Effective management of asthma
The Effective management of asthma includes four essential components:
1. Routine monitoring of symptoms and lung function
2. Controlling environmental factors -Asthma trigger (factors that start asthma symptoms are called “triggers.)
3. Patient education about the Asthma.
4. Pharmacologic therapy
Effective asthma management requires a proactive, preventative approach. Routine follow-up visits for patients with active asthma are recommended, at a frequency of every one to six months, depending upon the severity of asthma. For an asthma patient we should assess the following things at each visit
- signs and symptoms,
- pulmonary function,
- quality of life, adherence with treatment,
- Medication side effects, and patient satisfaction.
The identification and avoidance of asthma “triggers” is a critical component of successful asthma management, and successful avoidance may reduce the patient’s need for medications.
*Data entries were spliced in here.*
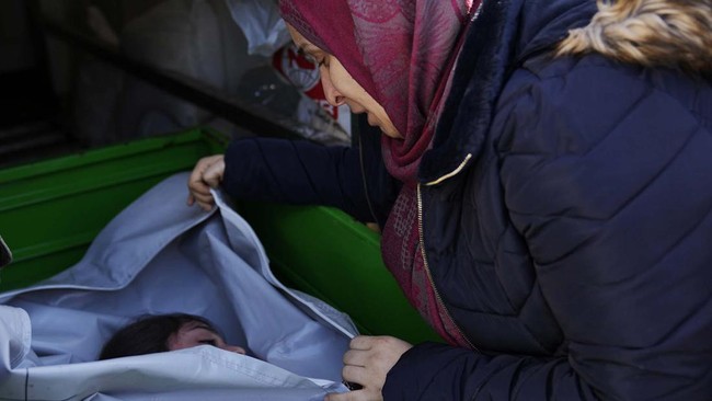 Seorang ibu tak kuasa menahan kesedihan di samping jenazah putrinya yang jadi korban gempa Turki, Kamis (9/2/2023). AP Photo/Hussein Malla.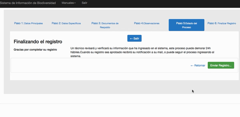 En el paso 5, Estado del Proceso, aparece un mensaje que indica que se está finalizando el registro, además, se informa que un técnico revisará y verificará la información que se ha ingresado en el sistema. Luego de este paso, cuando el registro sea aprobado, el usuario recibirá una notificación a través de su correo electrónico. Se hace clic en Enviar Registro.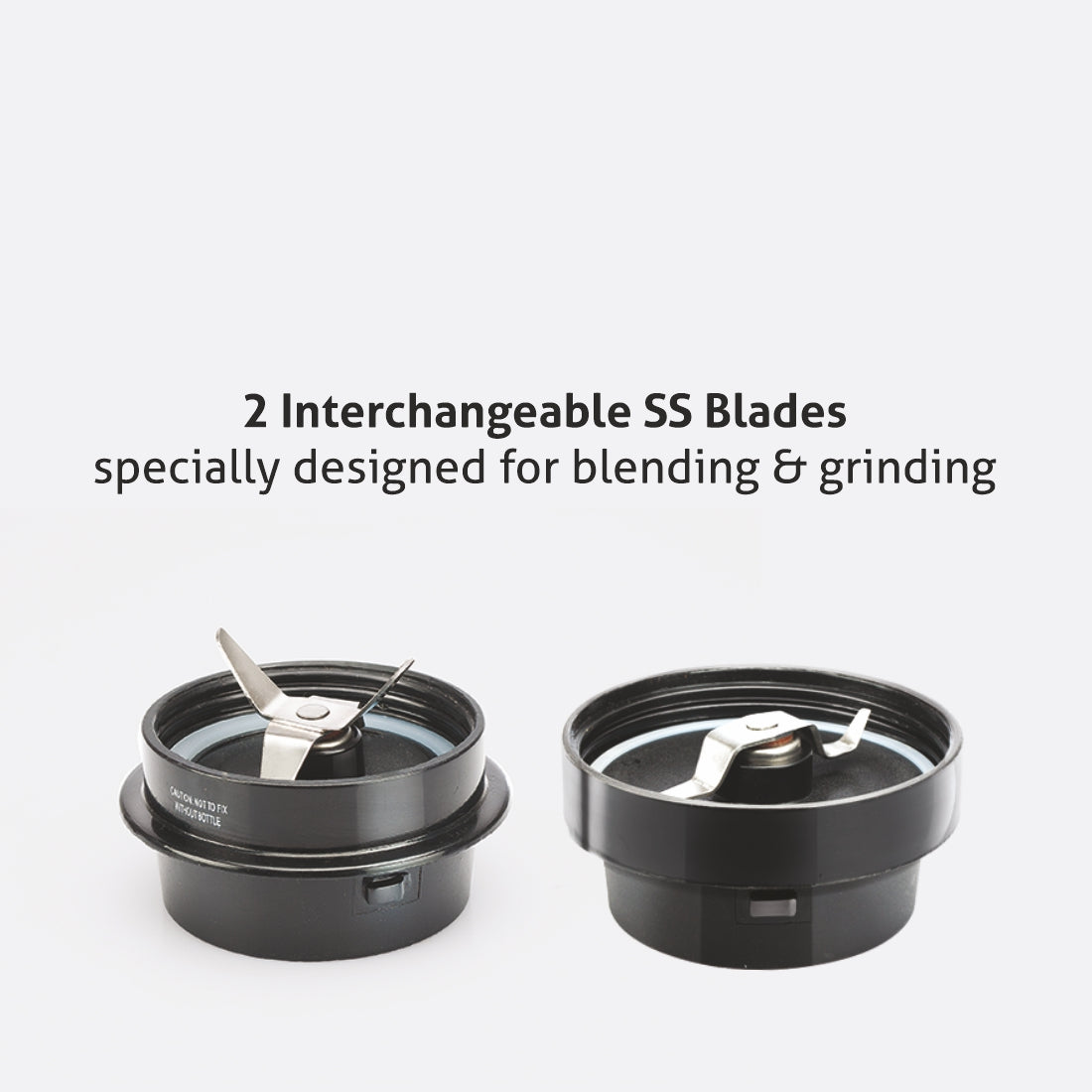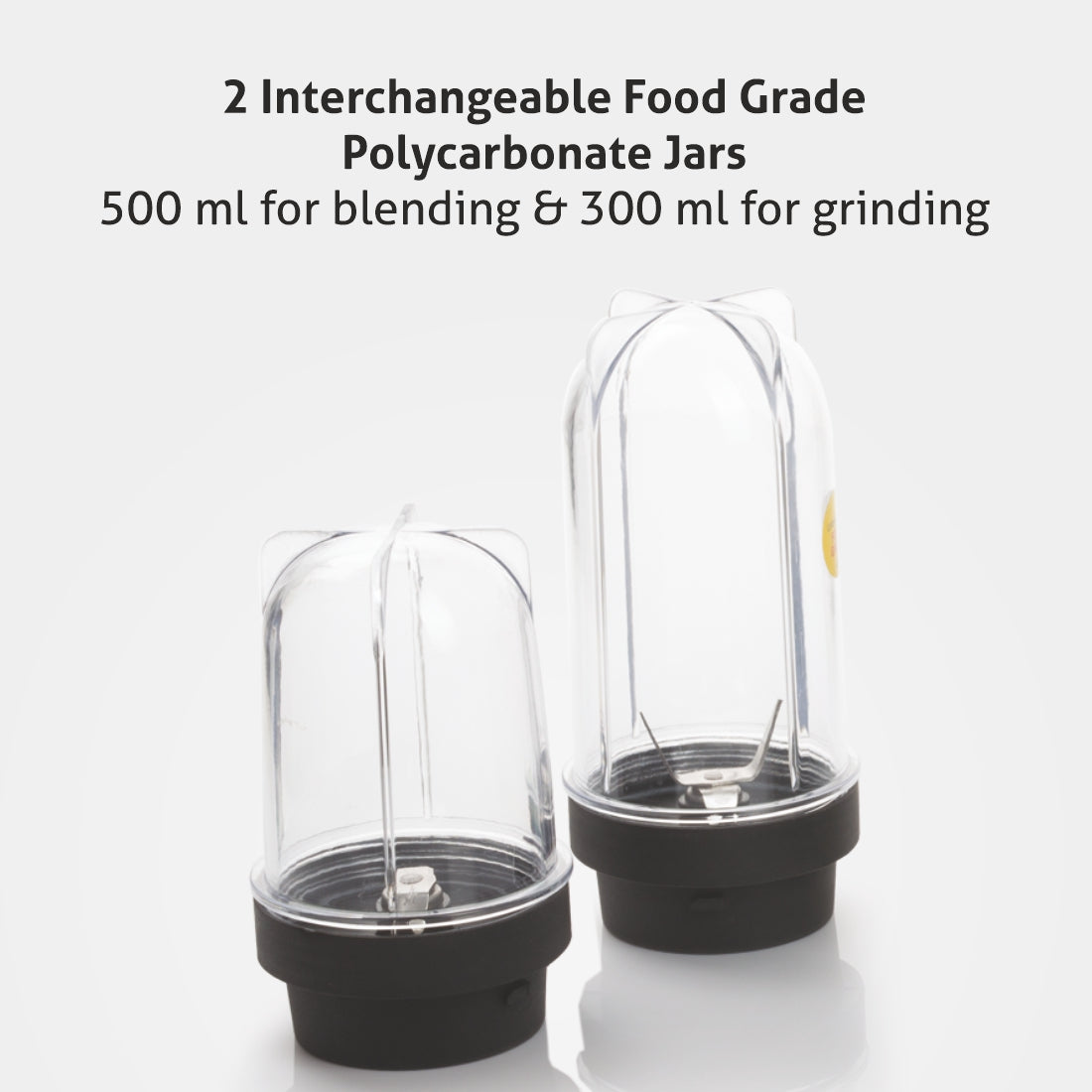 The Glen 4048 Active Blender is slim, compact and multi-purpose and can be carried with one hand anywhere around the house for quick and instant action blending. The Blending vessel itself can act as a health drink bottle after blending and you do not need to transfer the blended item. This is best suited for making health drinks and protein shakes. The 350W super-fast motor blends & grinds in seconds. It comes with two Unbreakable food grade jars and two blades along with a stainless steel chutney jar for making chutney, and the other for making smoothies, blends, mixes in a jiffy. Motor unit is very steady and safe to use.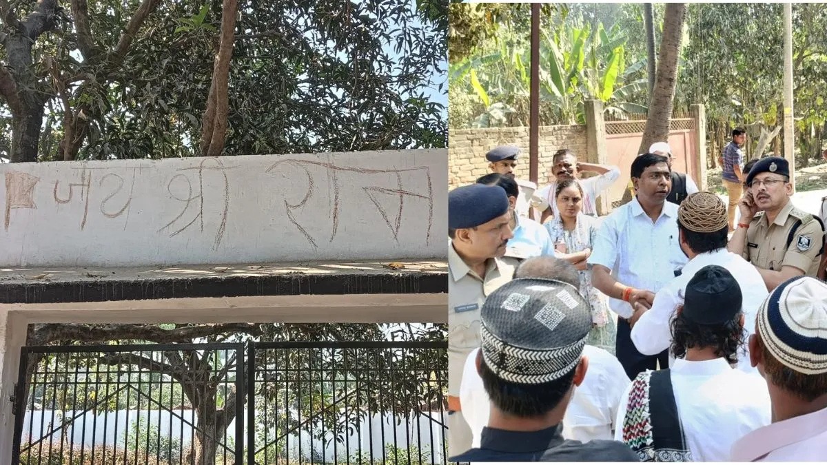 हाजीपुर: बिहार के हाजीपुर में ईद के मौके पर माहौल को बिगाड़ने की कोशिश की गई है। असामाजिक तत्वों ने ईदगाह के गेट पर 'जय श्री राम' लिख दिया। इस घटना के बाद इलाके में तनाव फैल गया, जिसके बाद खबर मिलते ही पुलिस और प्रशासन ने फौरन मोर्चा संभाला और हालात को सामान्य करने की कोशिश की। पुलिस की देखरेख में ईदगाह की दीवार पर लिखे गए सभी शब्दों को मिटा दिया गया है।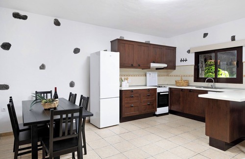 The holiday home Finca El Refugio is located in Teguise and offers you beautiful mountain views. The property, measuring 80 m², consists of a living room with a sofa bed for 2 people, a well-equipped kitchen, 2 bedrooms and 1 bathroom, accommodating up to 9 people. Additional amenities include Wi-Fi, television and a washing machine. A cot is also available. This holiday accommodation features a private outdoor area with a garden, two covered terraces and a barbecue.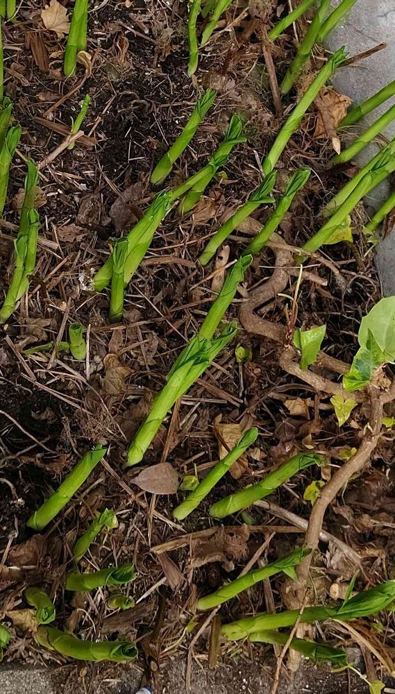 自分「アスパラじゃないよ。シランの新芽だよ」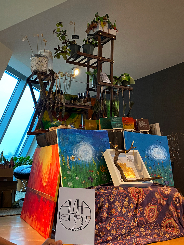 Mein Traum? Ein eigener Ort – ein Laden, ein Atelier, ein Gartenstudio – in dem Generationen zusammenkommen, um mit den Händen Neues zu erschaffen. Die Energien sichtbar machen und die Farben und Naturmaterialien ins Fließen bringen. Die Zeit bringt die Möglichkeit, sobald sie reif ist. „Auch wenn du die Sanduhr stark schüttelst, wird jedes Korn erst dann fallen, wenn es an der Zeit ist. Erzwinge nichts.
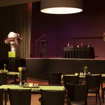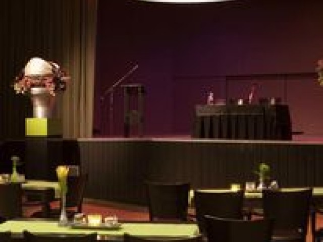 Chique (feest)zaal voor gezelschappen van 50 tot maximaal 350 personen. De Theaterzaal is uitermate geschikt voor recepties, condoleance koffietafels, grote vergaderingen of lezingen, theater- en muziekvoorstellingen, etc etc. Maar natuurlijk ook voor feesten en partijen! Groot podium met podiumdoek.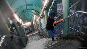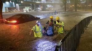 ဟောင်ကောင်မြို့အတွင်းအဆောက်အအုံအမြင့်များမှ အဆင်းအတက်ပြုလုပ်ရန် တည်ရှိတတ်ကြသော လှေကားများတွင်လည်း မိုးရေများ အဆက်မပြတ်စီးဆင်းလျက်ရှိသည်။ မြို့အတွင်း အကြီးအကျယ် ရေလွှမ်းမိုးနေသည့်အခြေအနေကြောင့် ရာသီဥတုဗျူရိုက အမြင့်ဆုံးရာသီဥတုသတိပေးချက်ဖြစ်သော အနက်ရောင်မိုးမုန်တိုင်းသတိပေးကြေညာချက်ကို ဩဂုတ်လ ၅ ရက် မွန်းလွဲ ၃ နာရီအထိ ထုတ်ပြန်ခဲ့သည်။
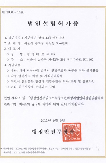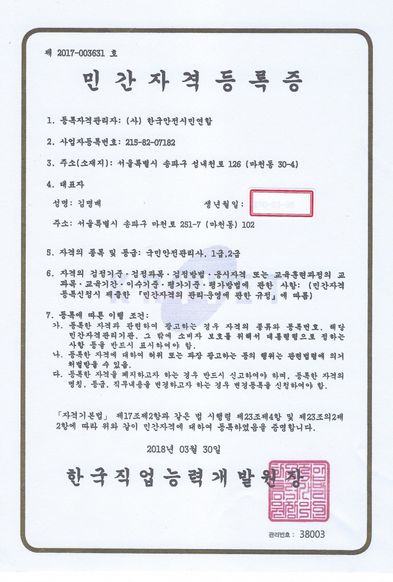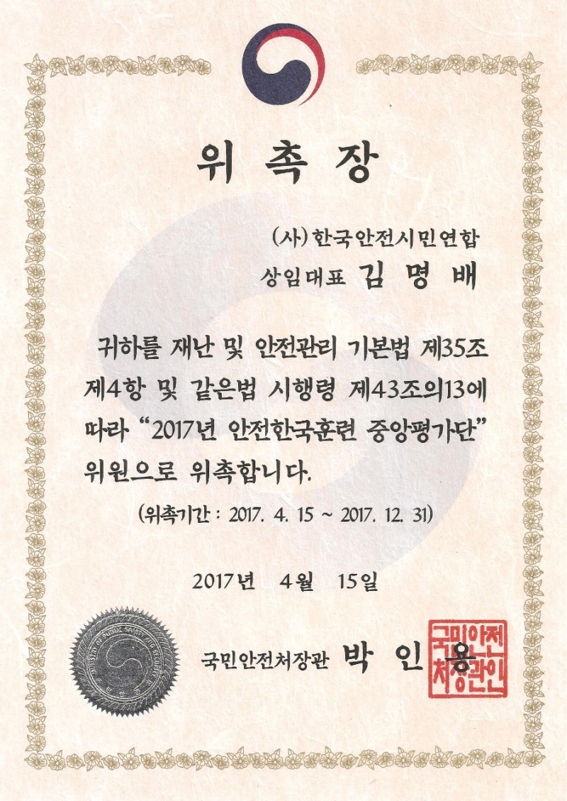 사단법인 한국안전시민연합 상임댸표(대표이사)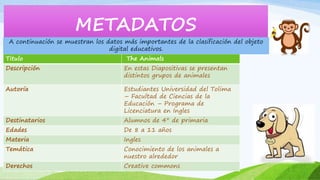 El documento presenta una presentación de PowerPoint sobre animales para estudiantes de 4to grado. La presentación incluye información sobre diferentes grupos de animales en inglés, sus hábitats, y características. El objetivo es ampliar el vocabulario de los estudiantes sobre animales y cómo clasificarlos. El docente utilizará la presentación de forma interactiva y los estudiantes participarán en discusiones y actividades de autoevaluación sobre los diferentes grupos de animales.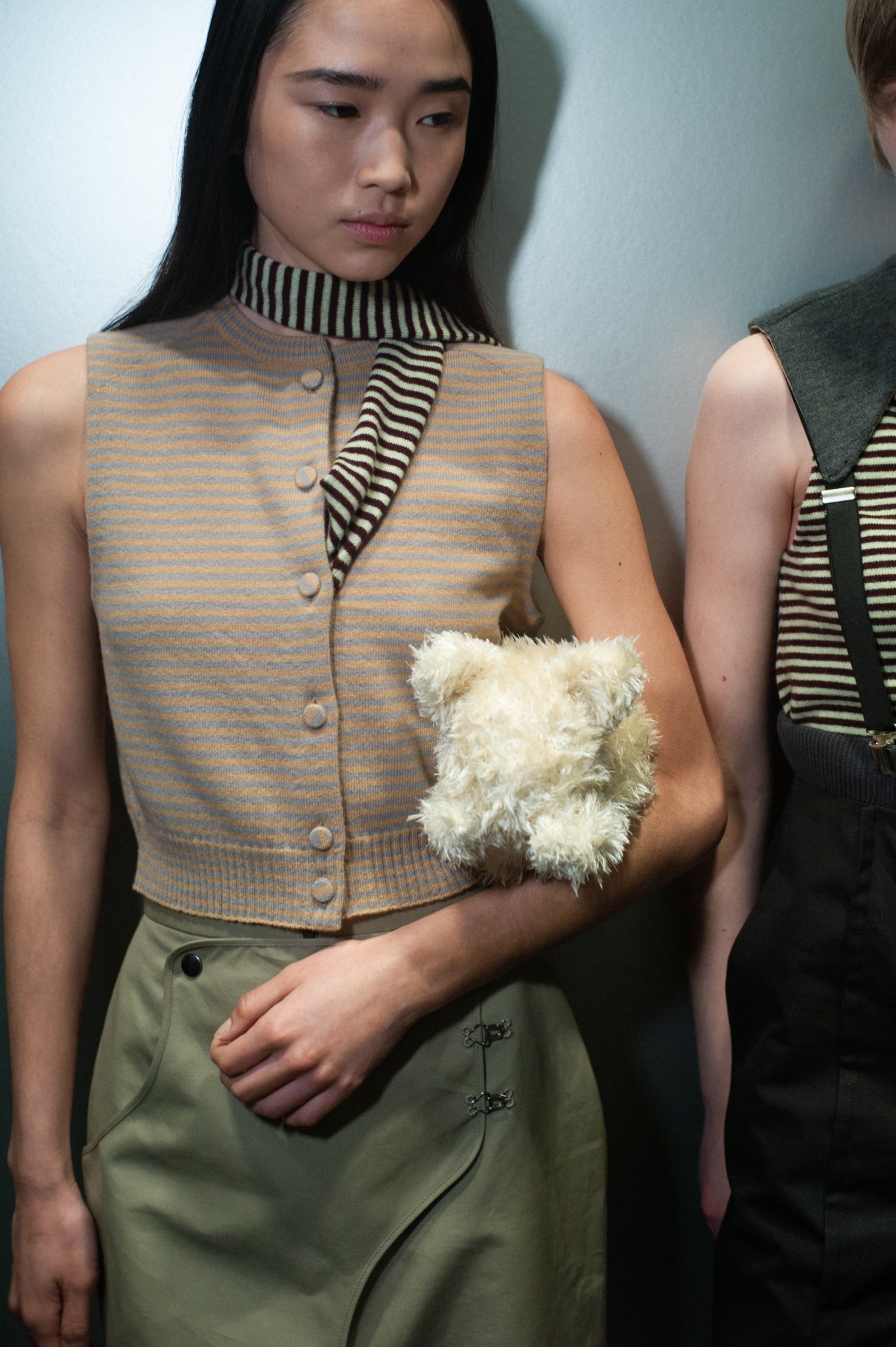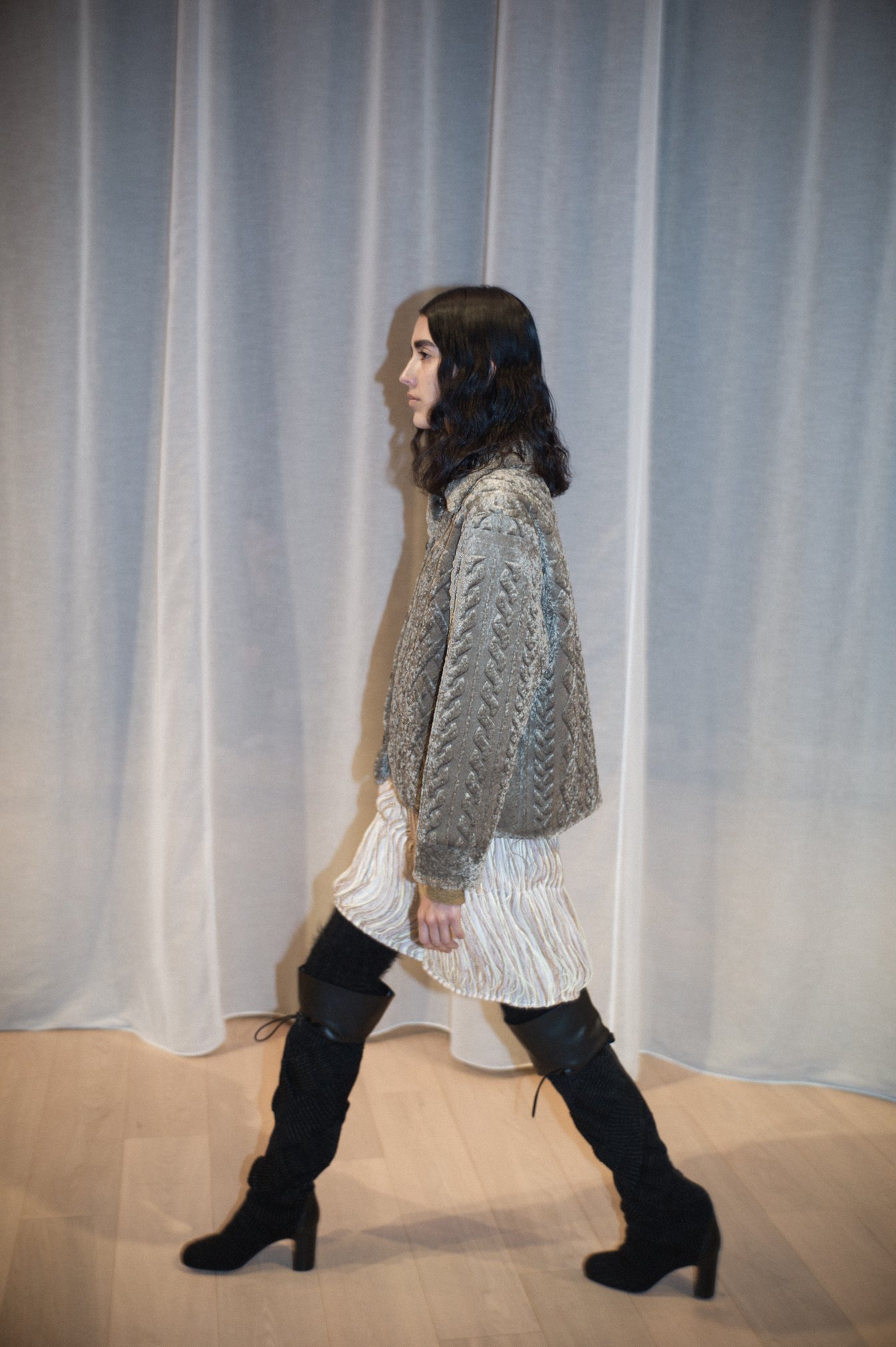 ショーを開催するにあたり、コーディネートの幅を広げるため、ニット以外の布帛(織物の生地)アイテムを加えている。しかし、コットンのスカートの裾にはニットのフリンジをあしらったり、同様にパンツのウエスト部分にはリブバンドを施したり、フェイクファージャケットにはケーブル編み風の柄をエンボス加工で入れるなど、ニットブランドとしてのアイデンティティをしっかりと示している。「ここまでくると意地ですね(笑)」と、村上はニット専業で10年間続けてきたプライドを垣間見せた。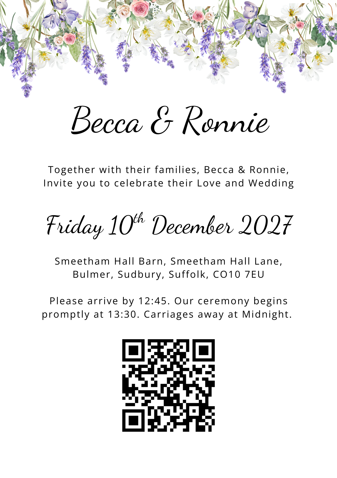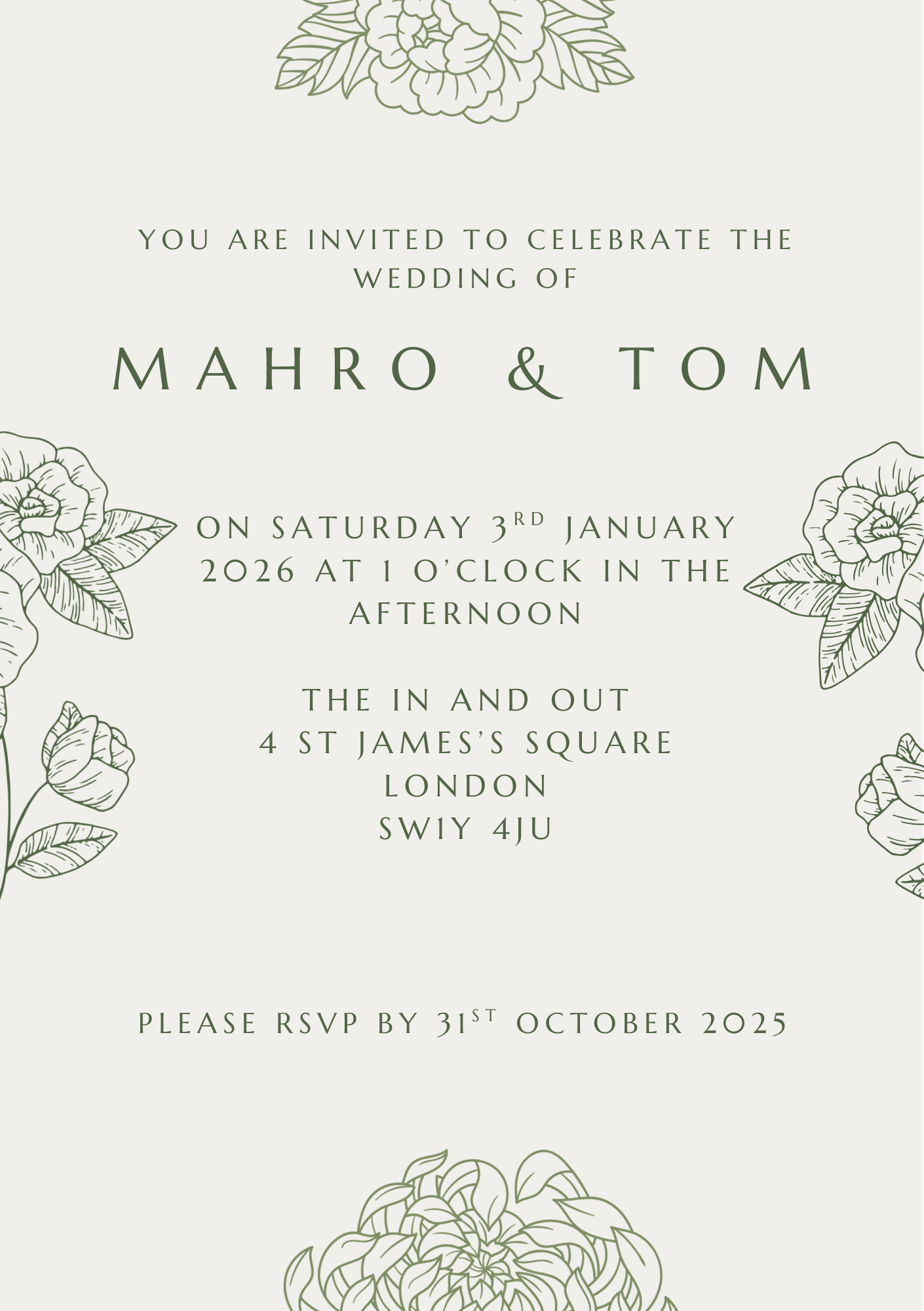 - Can be used as introduction to your website, save the date or for guests that would prefer a printed invite.

The most effective and simplest treatment of allergic asthma includes identifying and then avoiding allergens which may trigger symptoms.
Doctors should enable patients to become active partners in managing their asthma. Patients must learn how to monitor their symptoms and they must understand what triggers their asthma attacks and how to avoid or decrease exposure to these triggers.
Medication for asthma is broadly classified into two main categories
2. Long-term control medicine.
LONG-TERM CONTROL MEDICINES:
Long-term control medicines are designed to prevent asthma symptoms like airway inflation and are taken almost every day . These long-term control medicines are taken every day, even if you do not have symptoms. The most effective long-term control medicines generally decrease the airway inflammation and help improve asthma control.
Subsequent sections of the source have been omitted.